7月下旬、アジアプレスの中国人取材協力者が朝中国境の豆満江中流地域を訪れた。吉林省の延辺朝鮮族自治州の図們と北朝鮮の咸鏡北道(ハムギョンプクド)穏城(オンソン)郡の南陽(ナムヤン)労働者区は、豆満江を挟んで向かい合っている。最近、新義州(シニジュ)―丹東、羅先(ラソン)―圏河などの通商口で陸路貿易が相次いで再開されているが、図們は現在どのような状況だろうか? (ハン・ハユ

◆韓国人は国境橋に立ち入り禁止

図們には朝中貿易の通商口が設置されていて、北朝鮮を間近で見ることができるため、中国人はもちろん、多くの外国人が集まる観光地である。協力者が訪問した7月下旬にも、「辺境の地」を見物するために数多くの観光客が訪れていた。

図們と南陽を結んでいるのは、日本の植民地時代の1941年に建造された図們大橋だ。取材した協力者は「中国人は橋の中間まで歩いて行けるのに韓国人の立ち入りは禁止されていた。展望施設に登ることもできない」という。

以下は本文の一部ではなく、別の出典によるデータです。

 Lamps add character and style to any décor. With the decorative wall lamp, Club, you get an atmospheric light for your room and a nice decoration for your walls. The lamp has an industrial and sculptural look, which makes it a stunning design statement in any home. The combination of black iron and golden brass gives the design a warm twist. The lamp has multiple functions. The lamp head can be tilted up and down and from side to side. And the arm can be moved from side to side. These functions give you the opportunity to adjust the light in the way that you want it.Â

図們大橋は建設からかなり長い時間が経って老朽化が著しく、2016年に中国の支援で新しい橋梁の建設が始まった。

協力者は「新しい橋は完工していたが、中間で塞がれていて車両と人の往来はなく、通商に使われている様子は見えなかった」と付け加えた。

(左)2017年10月に撮影した図們大橋。右側で新しい橋の工事が行われていた。撮影石丸次郎 (右)2023年7月下旬に撮った写真。手前の青色橋が旧橋。奥に見える緑色の橋が新しく建設されたもの。

◆さらに厳しくなった中国側の警備

アジアプレスでは豆満江沿いを度々取材し、2013年頃から中国側で有刺鉄線の設置工事が始まっていたことを確認している。2017年頃には、約580キロある豆満江のほぼ全域に有刺鉄線が張り巡らされた。

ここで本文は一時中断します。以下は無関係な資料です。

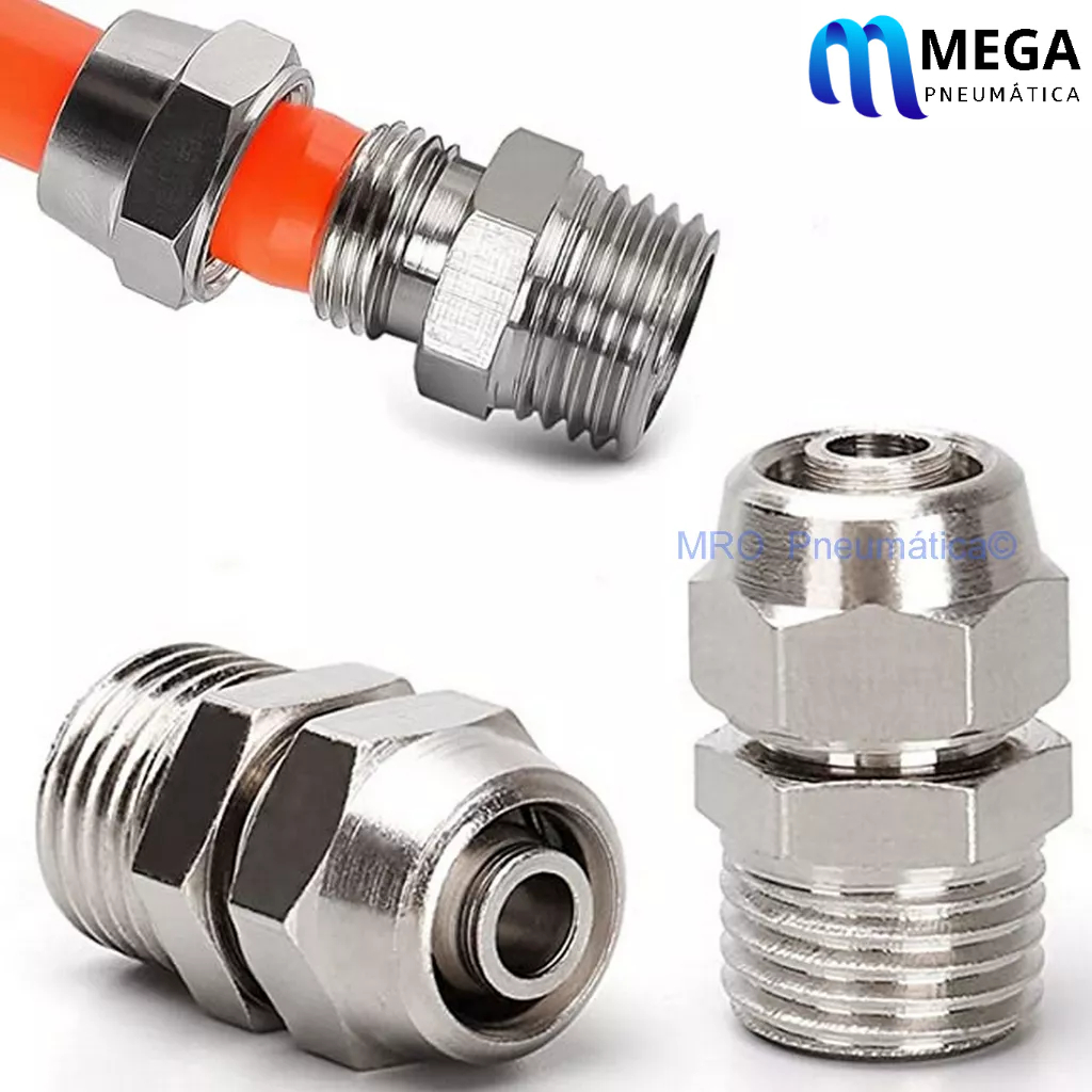Conector RETO Pneumático Rosca BSP - METALICO LATAO CROMADO - MODELO DOIS TOQUES - EMBALAGEM COM 1 PEÇA

ところがコロナパンデミック発生以後、中国側の警備はさらに厳しくなった。図們でも有刺鉄線が増強され、随所に設置されていた監視カメラも数が増えていた。

中国から見た北朝鮮の様子。

図們―南陽の間を流れる豆満江。青色の看板には「航路法を積極的に宣伝しよう。航路保護は皆に責任がある」と書かれている。航路とは豆満江の遊覧船が通るコースのことだと思われる。

(左)2019年9月に撮影した図們。撮影石丸次郎 (右)2023年7月下旬に撮影した同じ場所には監視カメラが新たに設置されていた。

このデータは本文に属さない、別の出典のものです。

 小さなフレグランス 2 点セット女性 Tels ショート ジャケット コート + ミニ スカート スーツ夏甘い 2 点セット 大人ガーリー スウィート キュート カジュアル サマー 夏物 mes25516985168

昨年末に中国が「ゼロコロナ」政策を放棄した後、鴨緑江下流の丹東と豆満江中流の圏河で陸路貿易が再開された。図們でも貿易が始まるとの情報が流れていたが、現地を直接取材してみると、貿易再開に向けた準備が始まった兆候は見られなかった。

※ 掲載された写真は2枚を除いて2023年7月下旬、アジアプレスの中国人取材協力者が撮影した。